It’s time for the Supreme Court to take another look at what can be patented

Twenty amicus briefs have been filed in support of a petition to the Supreme Court to review the Federal Circuit’s decision in Arisioa Diagnostics v. SequenomThat decision affirmed a district court’s determination that Sequenom’s patent was nothing more than a patent on a natural phenomenom.  Only one amicus brief in opposition has been filed.

 Sequenom’s invention is a non-invasive, prenatal test for finding fetal abnormalities by detecting the paternally inhereted nucleic acid within the a mother’s serum or plasma.  The test is based on a discovery that fetal DNA can be detected in the mother’s serum or plasma. 

Several Federal Circuit judges felt that a patent on the test was something that should be patentable. But they lamented that, under the Supreme Court’s 2012 opinion in Mayo Collaberative Services v. Prometheus Laboratories they had no choice but hold that the claim to a method for applying the discovery to detect fetal abnormalities using conventional methods of applyfing the paternally inhereted nucleic acid was nothing more than a claim to natural phenomonom itself. Although the Mayo decision is only 4 years old,  agree with the amici that it has caused considerable damage.

The Mayo opinion exemplifies the evils that come from judges legislating from the bench. It reinvigorated a discredited line of jurisprudence. Its test for eligibility create uncertainty and is difficult and costly to apply (as evidenced by the PTO’s own internal guidance). And renders unpatentable inventions that in Europe and most of the rest of the world are patentable, puting US innovators and businesses at a substantial disadvantage and discouraging investment in new products and companies, particularly in the life sciences.

Under Mayo’s test, a claim “directed to” — what “directed to”  means is not clear — a natural phenomenom, a law of nature, or an abstract idea must involve something more than a routine or conventional application of these “implicit exceptions” to patentability.  The invention must lie in the application of the exception, and not in its discovery.

In the 1970s and early 1980s, the Court addressed in a series of decisions the issue of patent eligiblity in the context of patents directed to software implemented inventions patenting of software. Thos decisions misinterpreted and misapplied old cause law and contradicted each other. However, the last of those decisions, Diamond v. Diehr appeared augured the patenting of software impelmented inventions. Fortunately, the Court laid low for a number of years, but reasserted itself 2010, when it issued its decision in Bilksi v. Kappos. Unfortunately,  that decision pretended that all of the Court’s prior decisions on eligibility were consistent, and opened the door for Mayo to bring back a line of thinking that Diehr, and subsequently, a number of subsequent decisions by the Federal Circuit, had burried.

No one appears to have ever raised the basic issue of whether the Court is doing more than applying the statute in its decisions. The most compelling amicus brief in support of review was filed by two well-known professors of patent law, Jeffry Leftstin and Peter Metell. Their main argument is that the Supreme Court has engrafted on to patent law dditional requirements that contradict Congress’s “carefully crafted framework.”

The most important innovation of the 1952 Act was to provide distinct statutory requirements to test the validity of patents, including an express non- obviousness requirement. Out of the amorphous concepts of “invention” and “undue breadth” that prevailed before the 1952 Act came § 101’s eligibility standard, § 102’s novelty standards, § 103’s non- obviousness requirement, and § 112’s disclosure requirements. By shoehorning an extra requirement for inventiveness and a concern over undue preemption into § 101, Mayo contradicts Congress’s carefully crafted framework and ignores the legislative mandate to weigh inventiveness and preemption concerns under § 103 and § 112, respectively.”

Congress provided a comprehensive regime for the granting exclusive rights in inventions that strikes a balance between exclusionary effects and incentives for promoting innovation.

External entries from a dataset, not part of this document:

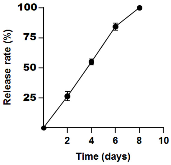 The sustained-release ability of propolis microcapsules is shown in Figure 5. The release amount of propolis was almost linear with time and was totally released after 8 days.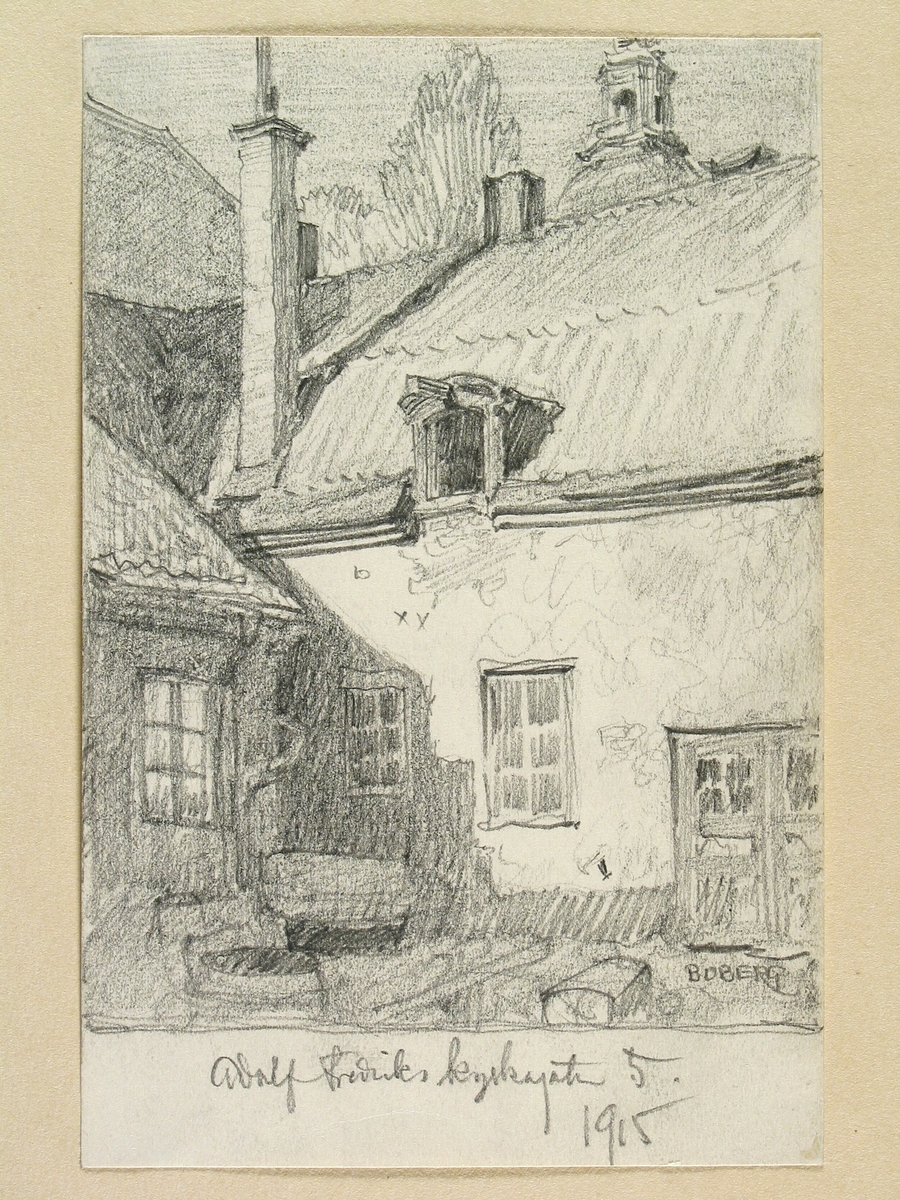 Teckning av Ferdinand Boberg. Stockholm, Norrmalm, Kv. Vargen, Adolf Fr. Kyrkog. 5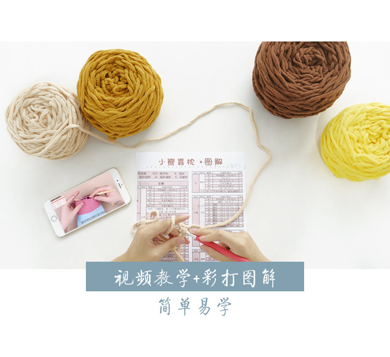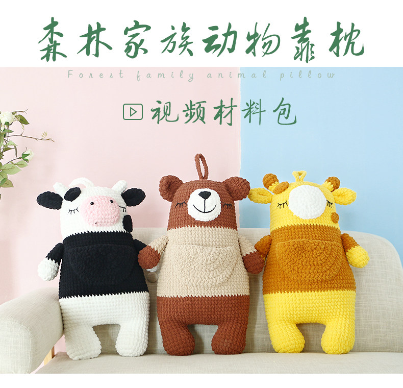 如意鸟 动物靠枕抱枕纯色冰条手工编织diy视频教程材料包

The Court should not — cannot? — require anything more than what the statute requires , especially if it contradicts it. The Court’s judgment cannot supplant Congress’ judgment on the appropriate balance. As pointed out by Leftsin and Menell:

The Court’s suggestion in Mayo that patent eligibility turns on concerns about the extent to which a technological discovery will be preempted misapprehends the inherent logic of the patent system. Congress has repeatedly expressed its judgment that discoveries embodied in one of the statutory classes of subject matter should be eligible for patents, notwithstanding the costs entailed by the temporary monopoly of a patent. As this Court has recognized, whether a long-standing legislative directive represents the optimal balance to promote innovation is a question reserved to Congress. See Eldred v. Ashcroft, 537 U.S. 186, 211-17 (2003).”

Although I’m not expecting that it will,  I am holding out some hope that some members of the Court will take up the challenge and bring intellectual honesty and rigor to the analsyis to the issue of whether its current test is consistent with the statutory scheme and Congressional intent.